Content of PetroWiki is intended for personal use only and to supplement, not replace, engineering judgment. SPE disclaims any and all liability for your use of such content. More information

# Estimating cost and time

Estimating capital, one of the main ingredients for any cash flow calculation, is largely in the domain of the engineering community. Petroleum engineers are responsible for drilling costs and are often involved with other engineers in estimating costs for pipelines, facilities, and other elements of the infrastructure for the development of an oil/gas field.

All practicing engineers have heard horror stories of cost and schedule overruns, and some have even been involved directly with projects that had large overruns. Why did these overruns occur, and what could have been done to encompass the actual cost in the project estimate? Overruns can result from:

• inefficiencies,
• unscheduled problems and delays,
• changes in design or execution, or
• a host of other reasons

The upstream oil/gas industry is a risky business. One inherently risky operation that we routinely undertake is drilling and completing a well. Thus, it should come as no surprise that estimating the total cost and time of a drilling prospect is a common application of uncertainty analysis, principally Monte Carlo simulation.

Cost models fall into the general class of aggregation models—we add line-item costs to get a total cost. These line items are specified as ranges or probability distributions, and the total cost is then a sum of the line items.

### Simple authorization for expenditure (AFE) model

Table 1 shows a probabilistic AFE for drilling a single well. The line items are described by symmetric triangular distributions. There are two subsections of the model, each with a cost subtotal.

• The first cost subtotal comprises the cost of goods and services (consumables and tangibles) that are not time-dependent.
• The second cost subtotal represents the rig cost (i.e., the costs attributable to accomplishing each phase).

The two ultimate outputs are Cost Total (the sum of the two subtotals) and Rig Time.

The user enters estimates for the minimum, most likely, and maximum for each estimated line item. In the top portion, the user enters estimates for line-item costs. In the bottom portion, the user enters estimates for the activity times.
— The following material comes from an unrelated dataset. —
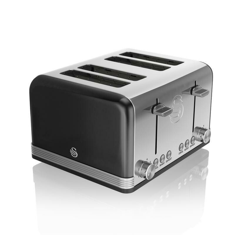 (Black) Swan Symphony 4 Slice Toaster 930W Reheat Defrost Cancel Functions with Slide Out Crumb Tray
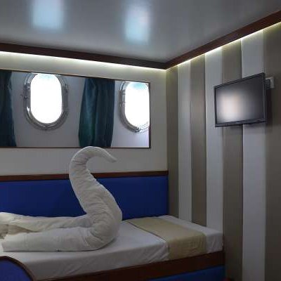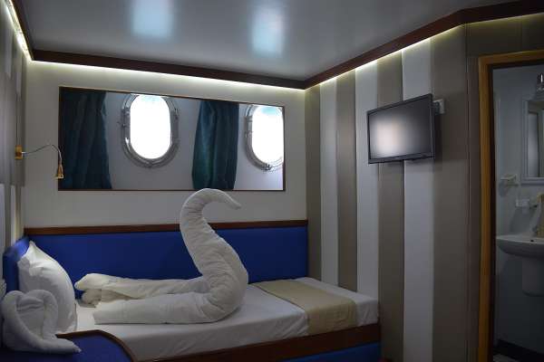 Две раздельные кровати на одном уровне, иллюминатор, шкаф, душевая, туалет, фен, полотенца.

The costs associated with these tasks are then calculated as the time to complete the task multiplied by the rig day rate.

Assumptions include:

• Items in the activity portion include all aspects of drilling. Thus, the “9 5/8-in. section” would include any tripping, minor expected delays, running casing, and cementing, in addition to drilling. (See comments on level of detail.)
• There is no correlation between any pair of items.
• The rig day rate is either a constant (if the rig is under contract) or a distribution (no contract).
• The estimate covers only “scheduled events” and does not take into account either change of scope or “trouble time.”

Some of these assumptions make the model simpler to design but less realistic. These shortcomings are easy to overcome, as we address later in this section.

### Why use triangular inputs?

In our example of a simple AFE model, we chose symmetric triangular distributions for the inputs. Why? Our example came from a location where there were many offset and analogous wells on which to base our cost and time distributions. Many cost engineers are trained to provide a base cost, which is frequently viewed as a most likely value together with a downside and upside (sometimes stated as a plus and minus percentage of the base cost). The triangular distribution is therefore a natural starting point. In practice, many line-item ranges are right-skewed, acknowledging the belief that time and cost have more potential to exceed the base case than to fall short.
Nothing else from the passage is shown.